This is quite simple, but I do not get why I can't merge two dataframes. I have the following dfs with different shapes (one is larger and wider than the other):
df1
A id
0 microsoft inc 1
1 apple computer. 2
2 Google Inc. 3
3 IBM 4
4 amazon, Inc. 5
df2
B C D E id
0 (01780-500-01) 237489 - 342 API True. 1
0 (409-6043-01) 234324 API Other 2
0 23423423 API NaN NaN 3
0 (001722-5e240-60) NaN NaN Other 4
1 (0012172-52411-60) 32423423. NaN Other 4
0 29849032-29482390 API Yes False 5
1 329482030-23490-1 API Yes False 5
I would like to merge df1 and df2 by the index column:
df3
A B C D E id
0 microsoft inc (01780-500-01) 237489 - 342 API True. 1
1 apple computer. (409-6043-01) 234324 API Other 2
2 Google Inc. 23423423 API NaN NaN 3
3 IBM (001722-5e240-60) NaN NaN Other 4
4 IBM (0012172-52411-60) 32423423. NaN Other 4
5 amazon, Inc. 29849032-29482390 API Yes False 5
6 amazon, Inc. 329482030-23490-1 API Yes False 5
I know that this could be done by using merge(). Also, I read this excellent tutorial and tried to:
In:
pd.merge(df1, df2, on=df1.id, how='outer')
Out:
IndexError: indices are out-of-bounds
Then I tried:
pd.merge(df2, df1, on='id', how='outer')
And apparently its repeating several times the merged rows, something like this:
A B C D E index
0 microsoft inc (01780-500-01) 237489 - 342 API True. 1
1 apple computer. (409-6043-01) 234324 API Other 2
2 apple computer. (409-6043-01) 234324 API Other 2
3 apple computer. (409-6043-01) 234324 API Other 2
4 apple computer. (409-6043-01) 234324 API Other 2
5 apple computer. (409-6043-01) 234324 API Other 2
6 apple computer. (409-6043-01) 234324 API Other 2
7 apple computer. (409-6043-01) 234324 API Other 2
8 apple computer. (409-6043-01) 234324 API Other 2
...
I think that this is related with the fact that I created a temporal index df2['position'] = df2.index since the indices look weird, and then removed it.
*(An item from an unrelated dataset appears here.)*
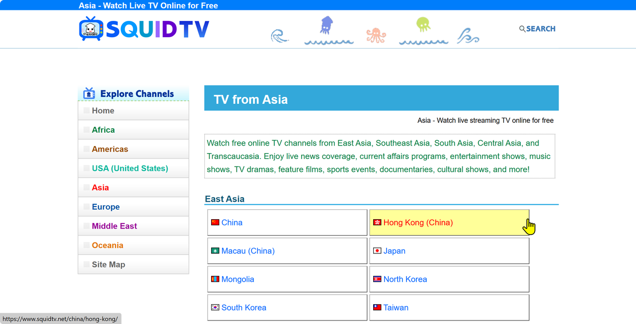 Squid TV 是一个在线电视直播选择,因为它提供数百个国际频道。Squid TV 的一大亮点是其内置的电子节目指南 (EPG),让导航变得轻而易举,点击通常会调整至频道官网进行播放。

So, my question is how to get df3?
UPDATE
I fixed the index of df2 like this:
df2.reset_index(drop=True, inplace=True)
And now looks like this:
B C D E id
0 (01780-500-01) 237489 - 342 API True. 1
1 (409-6043-01) 234324 API Other 2
2 23423423 API NaN NaN 3
3 (001722-5e240-60) NaN NaN Other 4
4 (0012172-52411-60) 32423423. NaN Other 4
5 29849032-29482390 API Yes False 5
6 329482030-23490-1 API Yes False 5
I am still having the same issue. The merged rows are repeating several times.
>>>print(df2.dtypes)
B object
C object
D object
E object
id int64
dtype: object
>>>print(df1.dtypes)
A object
id int64
dtype: object
Update2
>>>print(df2['id'])
0 1
1 2
2 3
3 4
4 4
5 5
6 5
7 6
8 6
9 7
10 8
11 8
12 8
13 8
14 9
15 10
16 11
17 11
18 12
19 12
20 13
21 13
22 14
23 15
24 16
25 16
26 17
27 17
28 18
29 18
...
476 132
477 132
478 132
479 132
480 132
481 132
482 132
483 132
484 133
485 133
486 133
487 133
488 134
489 134
490 134
491 134
492 135
493 135
494 136
495 136
496 137
497 137
498 137
499 137
500 137
501 137
502 137
503 138
504 138
505 138
Name: id, dtype: int64
And
>>>print(df1)
0 1
1 2
2 3
3 4
4 5
5 6
6 7
7 8
8 9
9 10
10 11
11 8
12 12
13 6
14 7
15 8
16 6
17 11
18 13
19 14
20 15
21 11
22 2
23 16
24 17
25 18
26 9
27 19
28 11
29 20
..
108 57
109 43
110 22
111 2
112 58
113 49
114 22
115 59
116 2
117 6
118 22
119 2
120 37
121 2
122 9
123 60
124 61
125 62
126 63
127 42
128 64
129 4
130 29
131 11
132 2
133 25
134 4
135 65
136 66
137 4
Name: id, dtype: int64
You could try setting the index as id and then using join:
df1 = pd.DataFrame([('microsoft inc',1),
('apple computer.',2),
('Google Inc.',3),
('IBM',4),
('amazon, Inc.',5)],columns = ('A','id'))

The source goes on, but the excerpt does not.